Weeks ago, when Steve started planning this past weekend's summertime adventure for the kids, we knew right away that it made the most sense for me to stay home. The farm, as it is at this very moment, is quite high maintenance in its needs. There are some electric fencing troubles that we've been having, the meat birds are at their peak - meaning they need watering and feeding and moving so as not to destroy the ground they're on several times a day, and well, there's just a whole mess of other things. Besides, with all the shuffling about of kids to camps and other summer adventures, and all the time I've been spending in the garden, I was feeling a bit behind on the work I needed to get done. Three days alone would be a perfect chance to play a bit of catch up.
Like any Mama with the promise of time alone, I fantasized for a good long while about how the weekend would go. I imagined I would efficiently crank out all of my work, and then get to what I perceived to be the real pleasure of the time alone. I thought about leisurely hammock-sits with a poetry book. I thought I'd bring my spinning wheel out into the garden and spin. I planned to sleep in. And eat ice cream...in bed. I even thought about watching a movie - in the middle of the day. Oh, the wild and crazy ideas of a mom left to her own devices!
I told a friend that I'd be home alone for the weekend and she laughed at me. "Amanda. Your idea of alone is most people's idea of a zoo!" And well, she's right. For when I say 'home alone" what I really meant was home with...a mother-in-law, ten sheep, approximately eighty chickens, four ducks, two goats, two pigs, two cats, three newly acquired kittens (oh yes), and what I think can still be fairly classified as a (giant) puppy. So, yeah. Not exactly alone. And perhaps not very leisurely at all.
I never did exactly have a sit with poetry in the hammock. And never did touch that spinning wheel. I fell asleep at 8pm watching a movie in bed before I could even remember to go get the ice cream, and my body - forever changed by children - woke up at 6am on the dot, ready to start the day.
Instead of all that, I cleaned the entire game cabinet in the library and sorted all the missing parts and pieces into where they belong. I spent an entire afternoon pulling thistle from the back pasture. I got on my hands and knees and scrubbed the hearth and every square inch of the woodstove. I washed every floor in this house. I cleaned my closet. I fussed over a vase full of garlic scapes and queen anne's lace for a good twenty minutes until it was just precisely arranged how I wanted it to be. I lingered with the sheep at chore time.
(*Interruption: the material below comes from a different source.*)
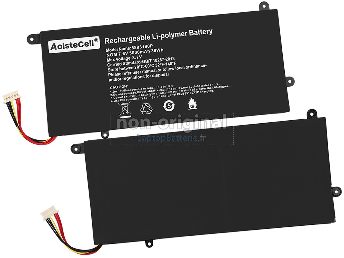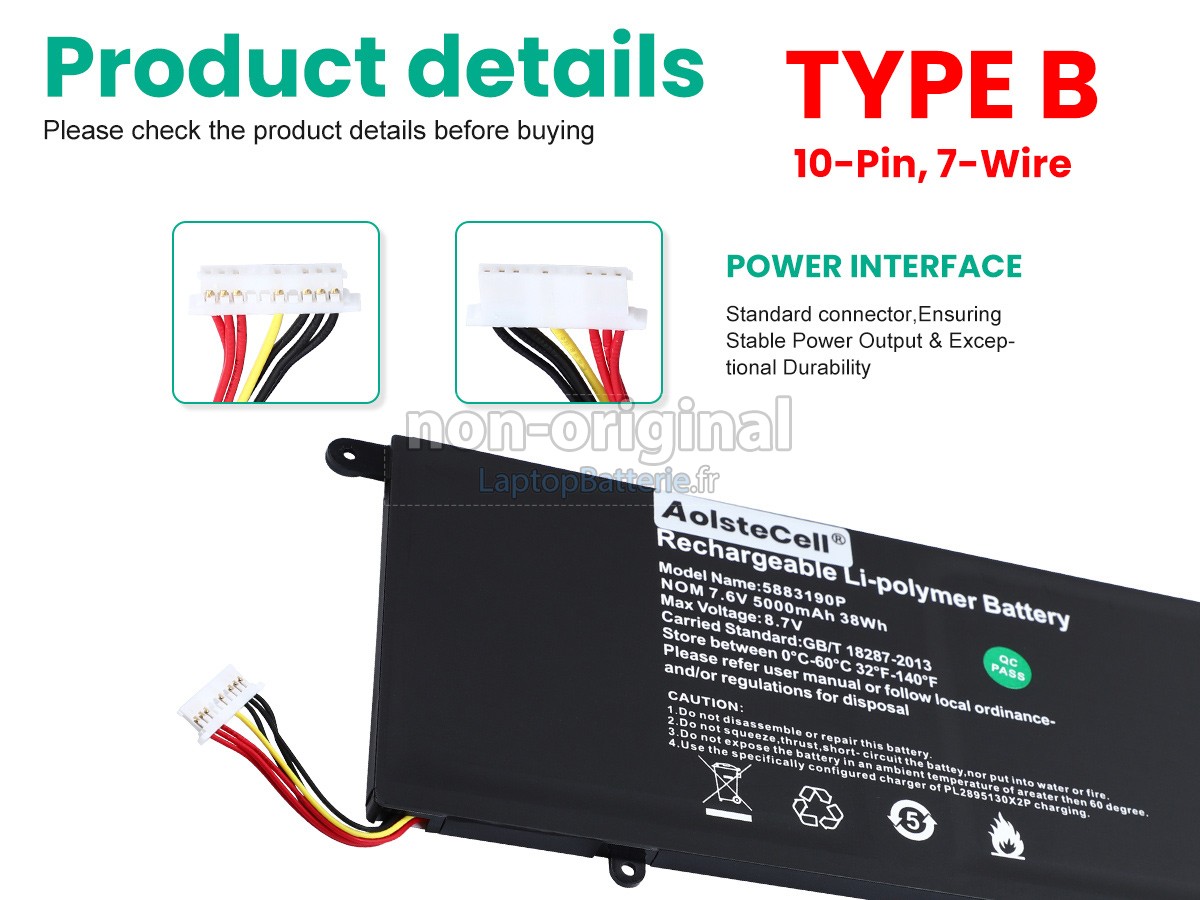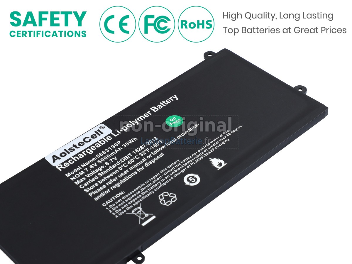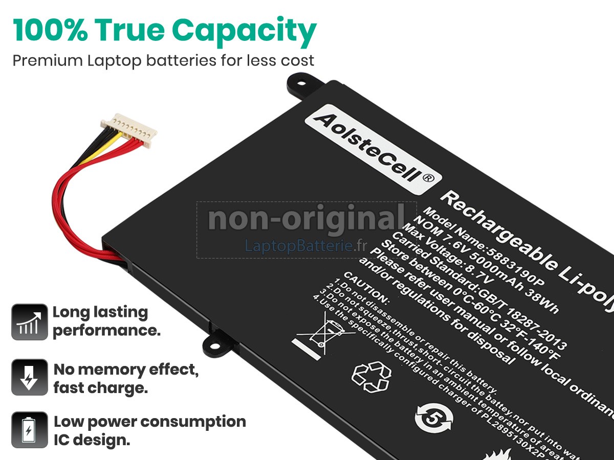 Nos exigences pour la performance de sécurité sont extrêment strictes, et chaque batterie de remplacement pour Vastking 5883190P a parcouru plus de centaine tests stricts sur la qualité et la sécurité. Pour une chose plus importante, nos batteries d'ordinateur portable Vastking 5883190P sont vendues directement sur Internet, sans aucun profit d'agent compris. Du coup, le prix que vous avez découvert sur notre Internet sera généralement 20-50% plus bas que nos concurrents. Si vous découvrez un produit moins cher sur l'Internet de notre concurrent, veuillez laisser nous savoir et nous résoudrons ce problème pour toi.

Glamorous, isn't it? But you know what? It felt soooo good. Because all the while...my thoughts were my very own. And turns out, that's what I needed. To move at my own pace, to think, to get some house chores done that have been pestering me for a while. And to do so without interruption. All in the silence and calm of my house. Ah...
Of course, as it goes, several hours before they were all ready to come home, I was ready for them. More than ready. I sat anxiously waiting on the porch, eager to embrace each and every one of them. Ready for the noise. Ready for the fullness of it all. And that's precisely what I got - at dinnertime with everyone all together at the table for the first time in a long time (the boys are home from camp), there were all the sounds I've come to know deep in my bones as my family. We took a breath together, said our peaceful blessing...and then the everyday chaos began. There was some bickering over a sneaky switching of chairs that someone had done, a mild argument about dividing the beets evenly and fairly, a tumbled over glass of water, the tears of an overtired little girl....and stories of time away shared, new jokes told, and a whole lot of laughter. Loud, messy, and most definitely - a very full house. Just exactly how I like it best of all.